Physical activity level (FAF) is the second most important factor - people who exercise more tend to have lower obesity levels, even after controlling for other factors.
Family history plays a crucial role - people with a family history of overweight/obesity are more likely to have higher obesity levels.
Transportation choices matter - people who walk or bike tend to have lower obesity levels compared to those who primarily use cars.Public transportation shows a significant positive association with BMI, which could be due to sedentary behavior or limited access to active transportation.
Age shows a positive correlation - older individuals in the dataset tend to have slightly higher obesity levels.
Insignificant Factors: Variables like vegetable consumption, water intake, and calorie drink consumption seem to have no strong association with BMI. This might reflect data limitations or complex interactions not captured by this model.
## Warning: not plotting observations with leverage one:
## 27
# Stacked bar chart for family history and gender
ggplot(obesity, aes(x = family_history_with_overweight, fill = Gender)) +
geom_bar(position = "fill") +
labs(title = "Obesity Levels by Family History and Gender",
x = "Family History",
y = "Proportion",
fill = "Gender") +
theme_minimal()
Gender Proportions Are Balanced: The distribution of males and females is similar within both groups: those with (“yes”) and without (“no”) a family history of obesity.

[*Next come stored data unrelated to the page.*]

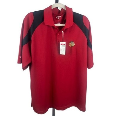 Antigua Chicago Blackhawks NHL Polo Shirt Mens Large Red Black Short Sleeve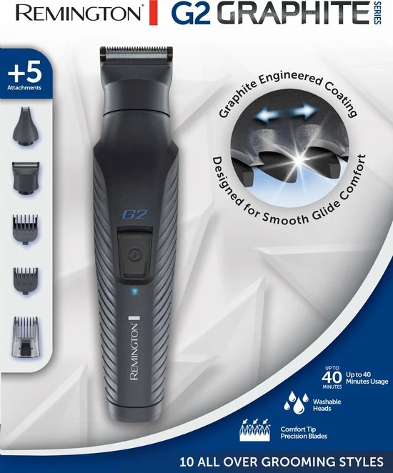 Altijd volledig verzorgd met de G2 multigroomer uit de Graphite Series. Hoofd, gezicht of lichaam, met 5 opzetstukken hoef jij nooit meer te wisselen van stylingtool om je stijl te veranderen. De grafieten snijbladen zorgen ervoor dat de groomer moeiteloos over de huid glijdt. Met de G2 ben je écht volledig verzorgd.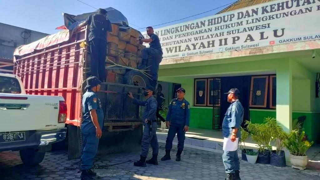 Tim Operasi Balai Gakkum KLHK Wilayah Sulawesi berhasil mengamankan 1 (satu) unit mobil truck yang mengangkut kayu tanpa dokumen pada hari Minggu (6/8/2023) di Jalan Trans Sulawesi, Desa Labuan Lelea, Kecamatan Labuan, Kabupaten Donggala, Provinsi Sulawesi Tenggara. Truk Hino Dutro 130 HT berwarna merah tersebut mengangkut 65 panggal kayu bantalan berbagai ukuran yang tidak disertai dengan dokumen sahnya hasil hutan.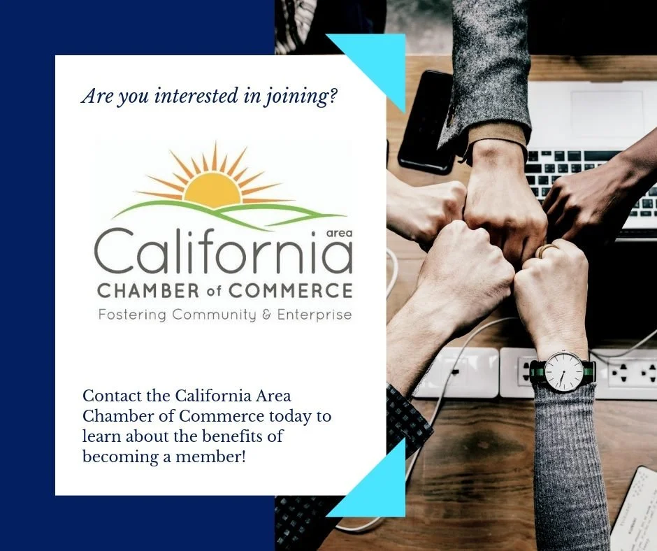 The California Area Chamber will accomplish its mission by implementing programs to meet the needs of our growing Community through teamwork. We will expand our membership by promoting a positive working relationship among businesses and the general public while maintaining an efficient organization that is accountable to each of its members.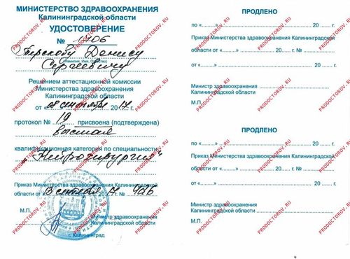 Диплом о переподготовке ПП № 997096 от 28 апреля 2007г. нейрохирургия, выдан: Санкт-Петербургская медицинская академия последипломного образования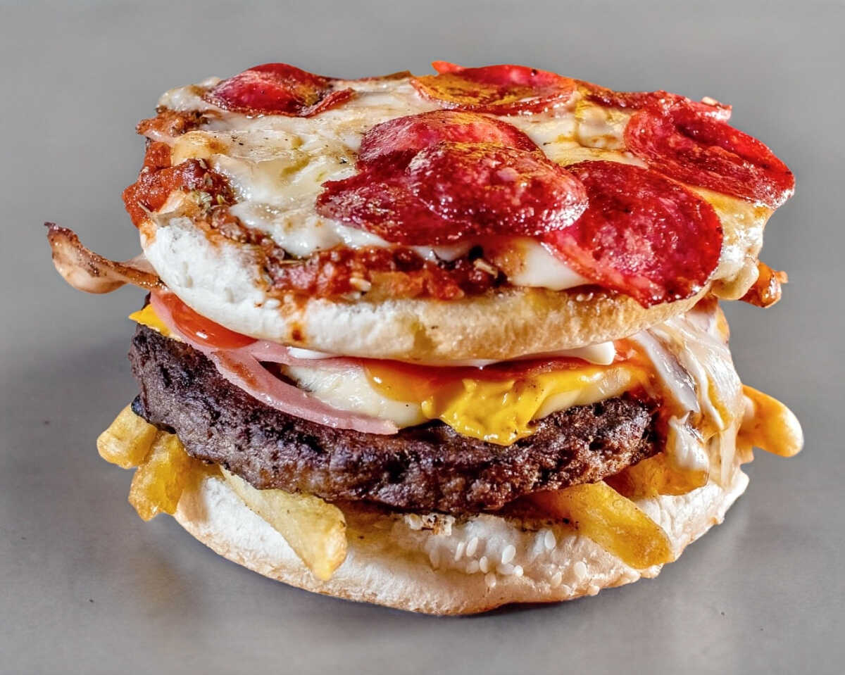 Hamburguesa carne arrachera o sirloin 150 g, queso amarillo, queso manchego, jitomate, lechuga, aguacate, jalapeño, cebolla, mayonesa, cátsup, aderezo de chipotle. En la parte superior (la tapa de la hamburguesa), lleva 1 mini pizza.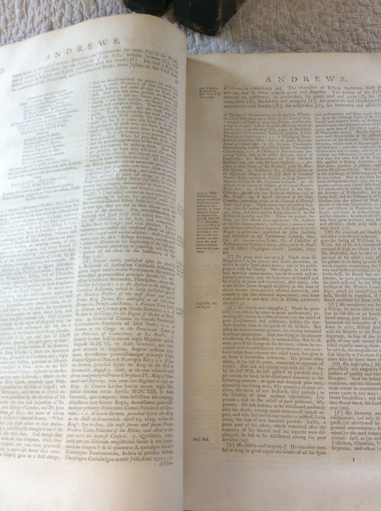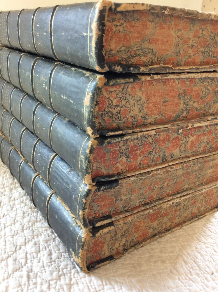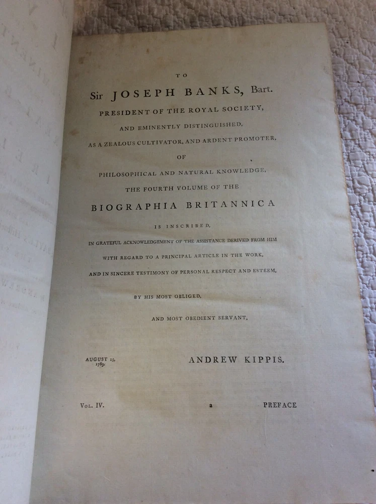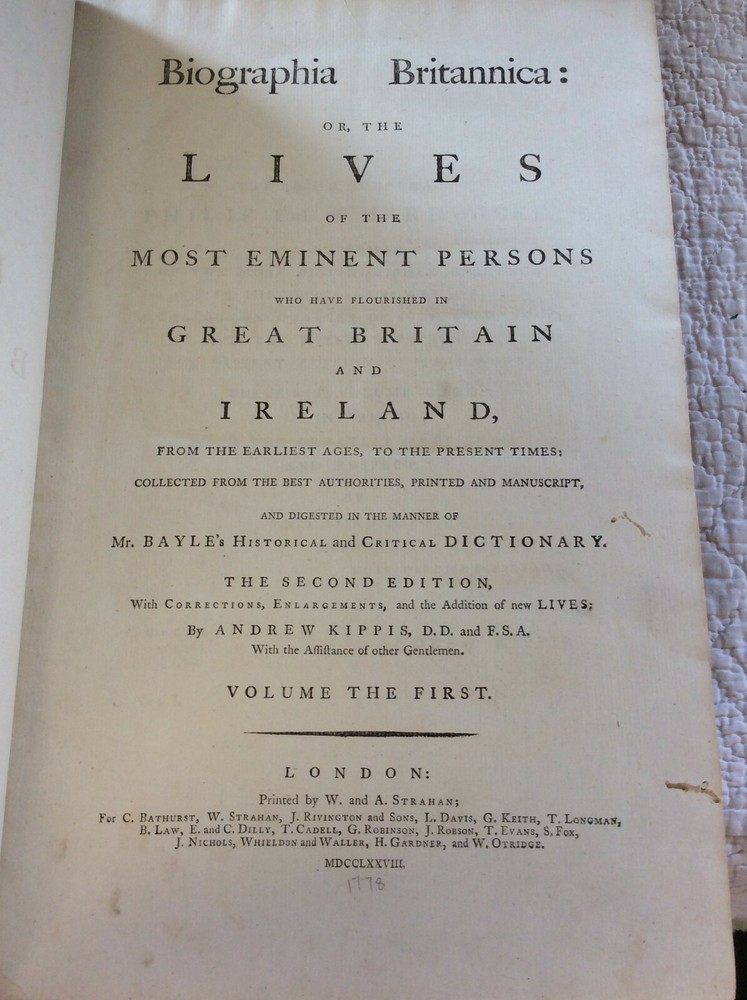 Andrew Kippis BIOGRAPHIA BRITANNICA or The Lives of the Most Eminent Persons who have flourished in Great Britain and Ireland: 5v set London: W. and A. Strahan, 1778-1793. Second Edition. Leather bound. Complete five-volume set of the second edition of the Biogrphia Britannica, revised and enlarged by Andrew Kippis. Bound in five folio volumes in matching 18th century bindings of 3/4 leather and marbled boards. Covers rubbed, leather worn at extremities. Minor worm holing in Volume One. Contents otherwise clean and unmarked. Bindings tight. Overall a solid set in good+ condition. Item #1245922 The second edition of this work was unfinished and covers only names A-Fa. Folio volumes, each measuring approx. 9 1/2 x 14 inches. The whole set takes up about 10 inches of shelf space.
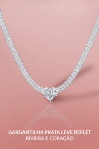 As gargantilhas mais delicadas, com pontos de luz em zircônia, funcionam para quem gosta de algo leve, que combina com tudo e não pesa no dia a dia. Já as rivieras trazem mais presença, uma linha contínua de brilho que valoriza o colo sem precisar de muito mais.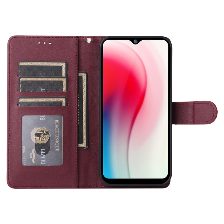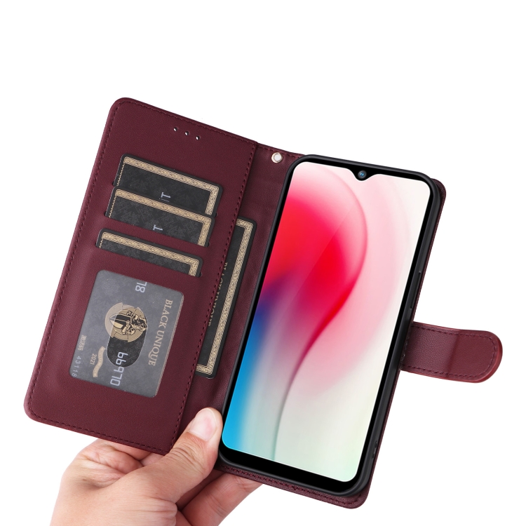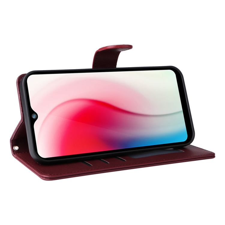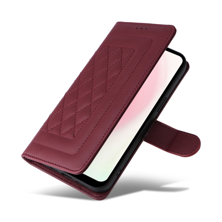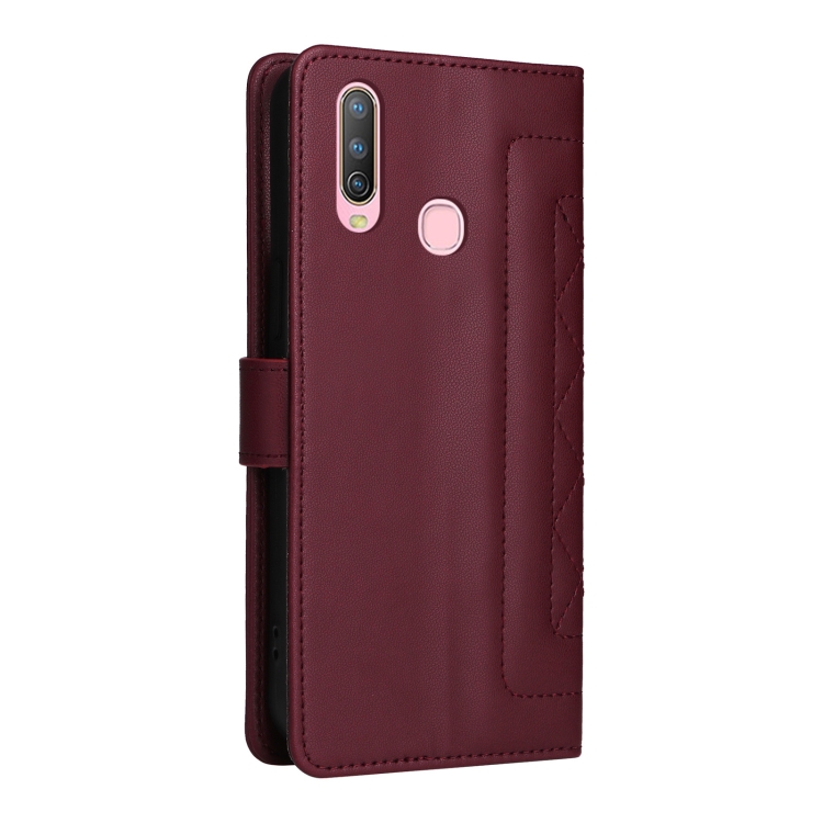 Para Vivo Y3 / Y17 Funda para Teléfono con Tapa de Cuero Diamond Lattice (Rojo Vino)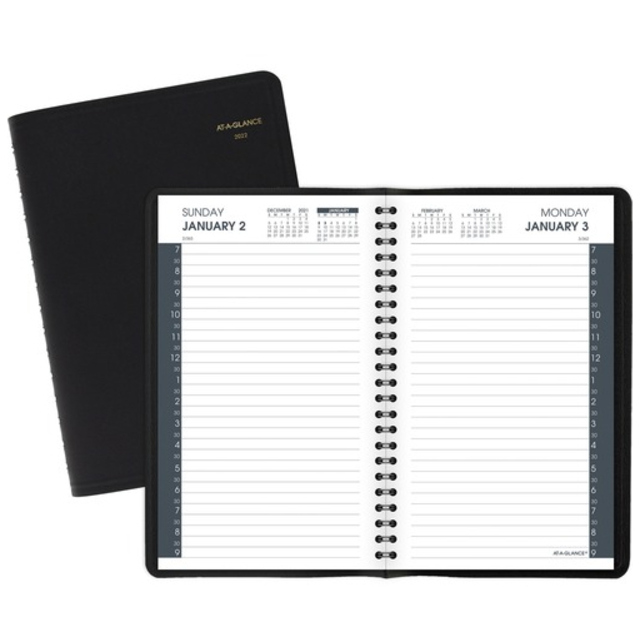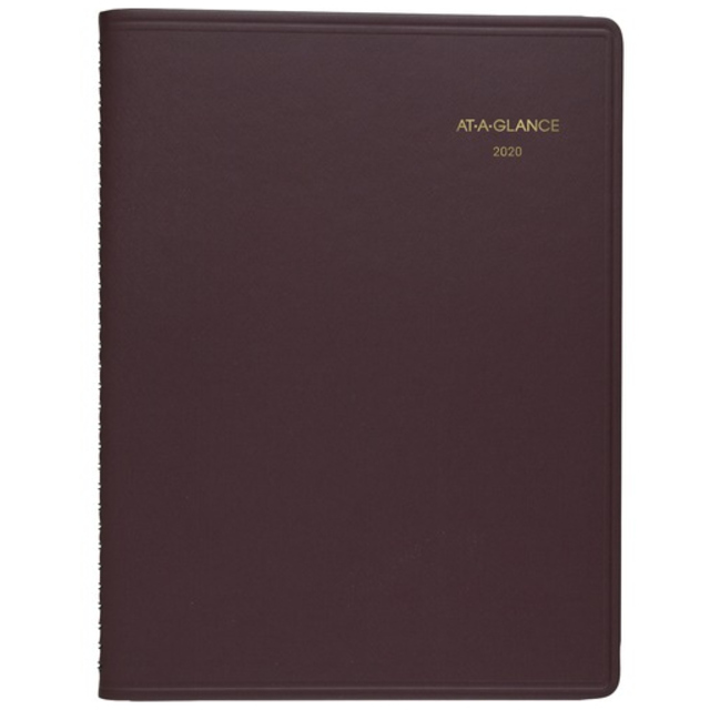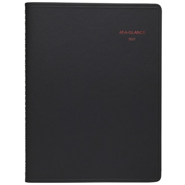 To keep your schedule organized in style, this monthly planner features a beautiful, soft-touch, leather-look cover with twin-wire binding and an elastic closure with piping detail. Planning pages range 17 months from August to December. Two-page-per-month spreads include ruled daily blocks, count of days/days remaining, Sunday-through-Saturday scheduling, holidays, moon phases and past, current and four future months reference. Planner includes heavy-duty cream-colored paper, a ruler/page marker, 40 repositionable note pages and one colored index with a pocket.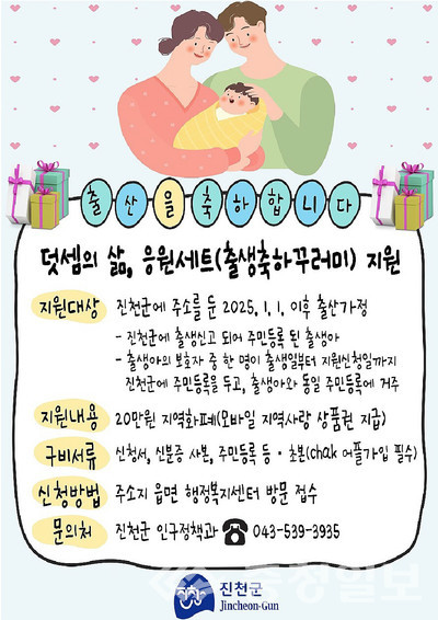 지원 대상은 2025년 1월 1일 이후 진천군에 출생 신고를 한 가정이다.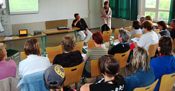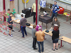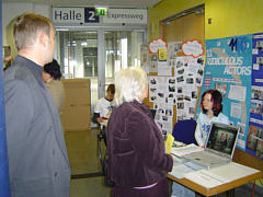Unter anderem wurde diesmal unser Kooperationspartner, die Nonne-Schule ausgezeichnet. Da unsere Schule das Q-Siegel bereits im Vorjahr bekommen hatte, waren wir nur mit einem kleinen Präsentationsstand an der Veranstaltung beteiligt. Wie man sieht, weckte unser Stand durchaus reges Interesse. | ![]() |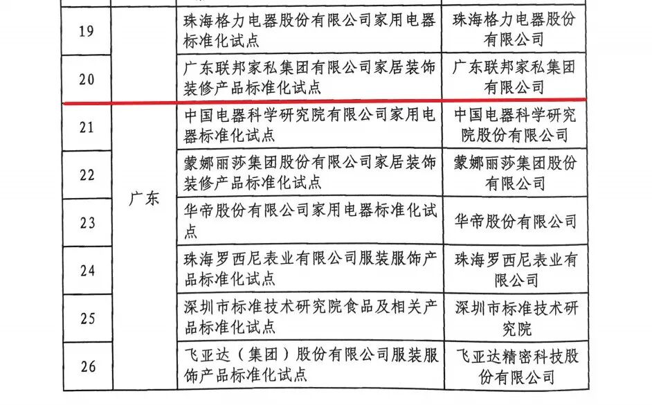 2018年8月,国标委下达了“第一批国家级消费品标准化试点项目”,联邦家私成功入选,并承担“家居装饰装修产品标准化试点”工作。首批试点项目集中在家居装饰装修产品、家用电器和消费类电子产品,在消费品市场具有广泛而重要的行业代表性。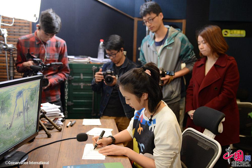 中国网2018年4月17日讯保护国际基金会(Conservation International)日前发布由保护国际基金会、成都大熊猫繁育研究基地、美国著名摄影师Ami Vitale共同打造,中国知名演员汤唯担任中文解说的VR公益影片《守护自然奇迹-大熊猫》的汤唯幕后配音花絮。视频中,汤唯一身清新造型,在配音现场字字斟酌,直至满意。汤唯表示,“很荣幸能为环境保护出力,希望身边能有更多的朋友为保护自然奇迹尽力”。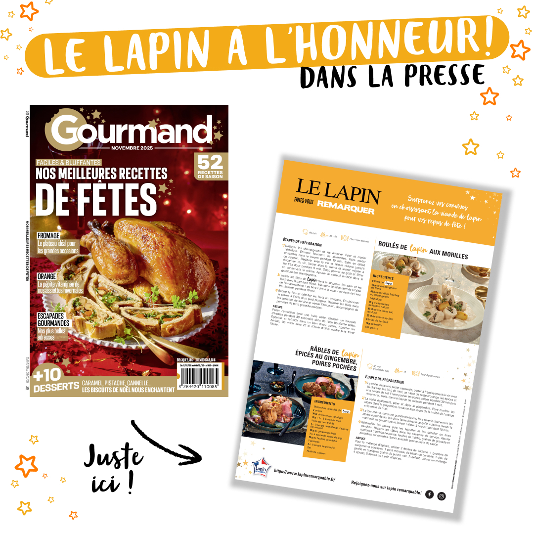 Retrouvez nos recettes festives à base de viande de lapin dans le numéro spécial recettes de fêtes du magazine Gourmand !

No Strong Differences Observed: Family history of obesity does not appear to disproportionately affect one gender over the other.
Focus on Proportions: The chart focuses on gender proportions rather than specific obesity levels or severity, limiting deeper insights into how family history affects actual obesity status.